今まで何度も、この足で歩いて回ったはずの街。

 なのに、隣で一緒に歩く人がいるというだけで、見える景色が全く違う。



「蜂蜜の専門店がある。珍しいな」


「本当!この辺りはよく来るのに知りませんでした」



 アリシアなら気にもとめず通り過ぎてしまう場所にある店の前で、イルヴィスは足を止めた。

 古めかしい建物の窓から、たくさんの蜂蜜の瓶が並んでいるのが見える。



「見てくるか?」


「はい!」



 驚いたことに、売られていた蜂蜜は、それぞれ色が違った。あるものはほとんど黒のようだったり、またあるものは水飴と大差ないほどに透明だったりする。

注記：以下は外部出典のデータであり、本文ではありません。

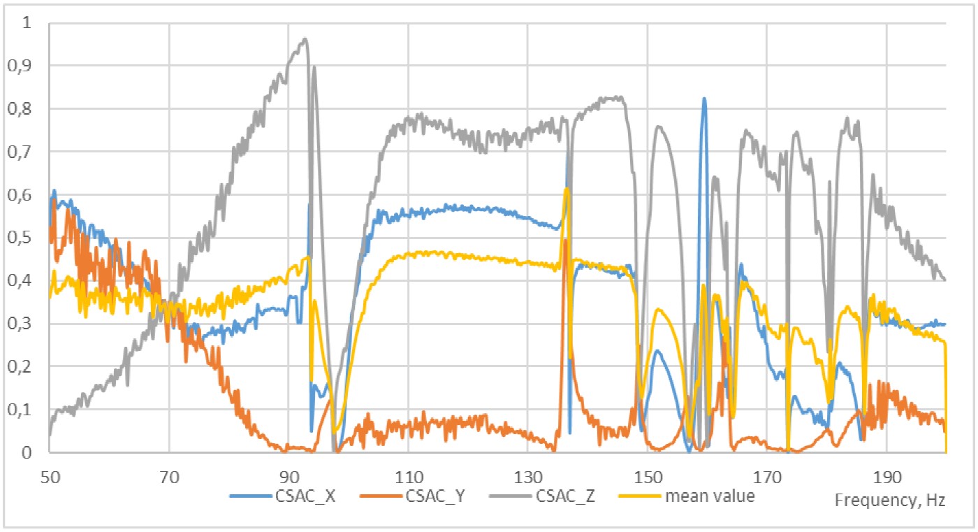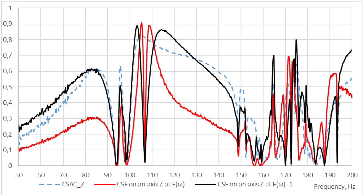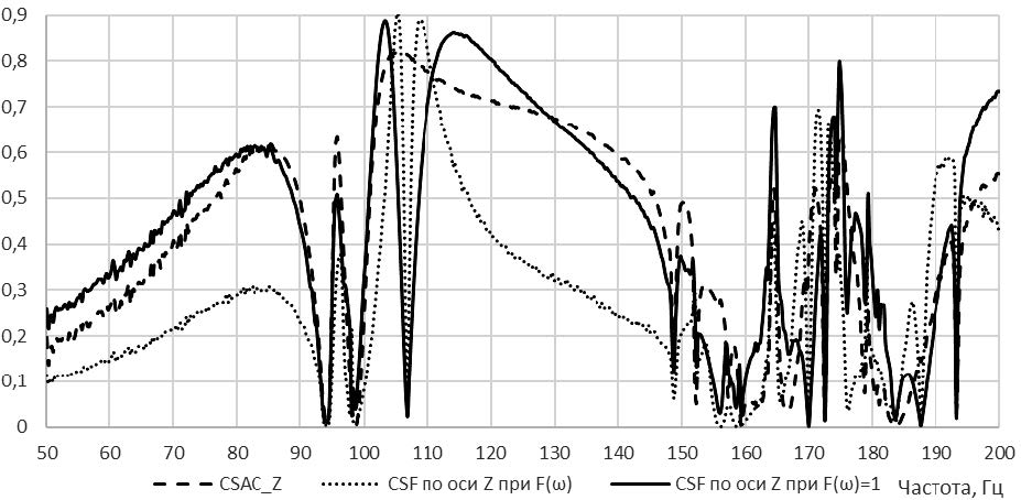 Рис. 6. Результаты расчёта критерия CSAC для оси Z; CSF при нагрузке в виде зависимости силы от частоты F(ω), соответствующей экспериментальным данным; CSF при нагрузке в виде единичной силы в рассматриваемом диапазоне частот

 ハーブティーの味を調節するのに、蜂蜜は重宝している。せっかくだからどれか買ってみよう。

 狭い店だったので、イルヴィスは外で待っているからゆっくり選ぶようにと言った。



(お言葉に甘えて、いろいろ見せてもらおう)



 並んている蜂蜜の種類は、ラズベリーの花や、リンゴの花など。ローズマリーやタイムといった、アリシアにはおなじみの名前もある。

 とれる花が違うと味も見た目もかなり違うようだ。

 たっぷりと時間をかけて、アリシアはオレンジの蜂蜜とラベンダーの蜂蜜を選んだ。